Try it again. Might be a bad connection.

You can test the data load step like this:

url.2020 <- "https://docs.google.com/spreadsheets/d/1RoiO9bfpbXowprWdZrgtYXG9_WuK3NFemwlvDGdym7E/export?gid=1335284952&format=csv"
d <- read.csv( url.2020 )
jasminacosta commented 9 months ago

I tried the following code provided and it did run properly.

Should I replace this part of the code and replace it with the new code provided?


# LOAD DATA 
URL <- params$url         #replace this part of the code 
d <- read.csv( URL )

Replace with the following code:


url.2020 <- "https://docs.google.com/spreadsheets/d/1RoiO9bfpbXowprWdZrgtYXG9_WuK3NFemwlvDGdym7E/export?gid=1335284952&format=csv"
d <- read.csv( url.2020 )        #use this part of code instead?
lecy commented 9 months ago

For testing purposes that's fine. If you replace the current code in the RMD doc, though, you are hard-coding a single year of data into your RMD template, and it can no longer be used as part of a batch process to create reports across multiple years.

You don't actually knit the RMD file in this case. It is a template that you execute through the batch file:

Before you go on to next steps, download these three files do your local working directory. Open batch.R in a regular R console and try running the reports to create the HTML files.

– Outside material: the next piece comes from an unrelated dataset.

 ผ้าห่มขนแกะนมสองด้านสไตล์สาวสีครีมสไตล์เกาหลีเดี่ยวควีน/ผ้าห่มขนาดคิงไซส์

# utils.R and salary-report.rmd should be in the working directory

## 2020 REPORT
url.2020 <- "https://docs.google.com/spreadsheets/d/1RoiO9bfpbXowprWdZrgtYXG9_WuK3NFemwlvDGdym7E/export?gid=1335284952&format=csv"
rmarkdown::render( input='salary-report.rmd', 
                   output_file = "ASU-2020-Salary-Report.HTML",
                   params = list( url = url.2020 ) )

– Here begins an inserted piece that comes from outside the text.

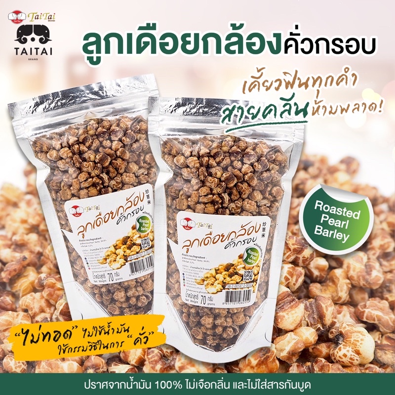 เจ ลูกเดือยกล้องคั่วกรอบ 70/170 กรัม (ตราไทไทแบรนด์) Roasted Brown Pearl Barley ลูกเดือยกล้อง พันธ์ข้าวเหนียวไม่มีน้ำมัน
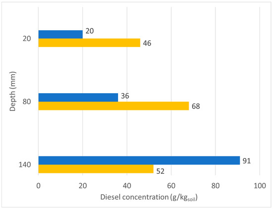 The aerated column was also inoculated with diesel-degrading microorganisms in order to have an initial concentration equal to 1.25 × 103 colony-forming units (CFU) per gram of soil.

It will make more sense after you finish Lab-06 and use the Resume template.

jasminacosta commented 9 months ago

@lecy So is it fine for me to start working on? Despite these errors popping up?

lecy commented 9 months ago

You shouldn't be getting errors if you are running it correctly.

My question is whether you are executing as described in the assignment?

"Before you go on to next steps, download these three files do your local working directory. Open batch.R in a regular R console and try running the reports to create the HTML files."

# utils.R and salary-report.rmd should be in the working directory

## 2020 REPORT
url.2020 <- "https://docs.google.com/spreadsheets/d/1RoiO9bfpbXowprWdZrgtYXG9_WuK3NFemwlvDGdym7E/export?gid=1335284952&format=csv"
rmarkdown::render( input='salary-report.rmd', 
                   output_file = "ASU-2020-Salary-Report.HTML",
                   params = list( url = url.2020 ) )

Are you running this rmarkdown::render() command from an R console with utils.R and salary-report.rmd saved in your current working directory?

jasminacosta commented 9 months ago

@lecy I used getwd() to see what the directory is for each file and these are the results.

For utilis.R the directory is:


> getwd()
[1] "/Users/jasminacosta/montyhall"

For salary-report.rmd it is:


> getwd()
[1] "/Users/jasminacosta/Downloads"

Then for batch.R it is:


> getwd()
[1] "/Users/jasminacosta/montyhall"

However, I saw that all my files were in my downloads folder.

I am really confused.

lecy commented 9 months ago

If all of your files are in the downloads folder, you should be able to knit the report as follows:

setwd( "/Users/jasminacosta/Downloads" )

## 2020 REPORT
url.2020 <- "https://docs.google.com/spreadsheets/d/1RoiO9bfpbXowprWdZrgtYXG9_WuK3NFemwlvDGdym7E/export?gid=1335284952&format=csv"
rmarkdown::render( input='salary-report.rmd', 
                   output_file = "ASU-2020-Salary-Report.HTML",
                   params = list( url = url.2020 ) )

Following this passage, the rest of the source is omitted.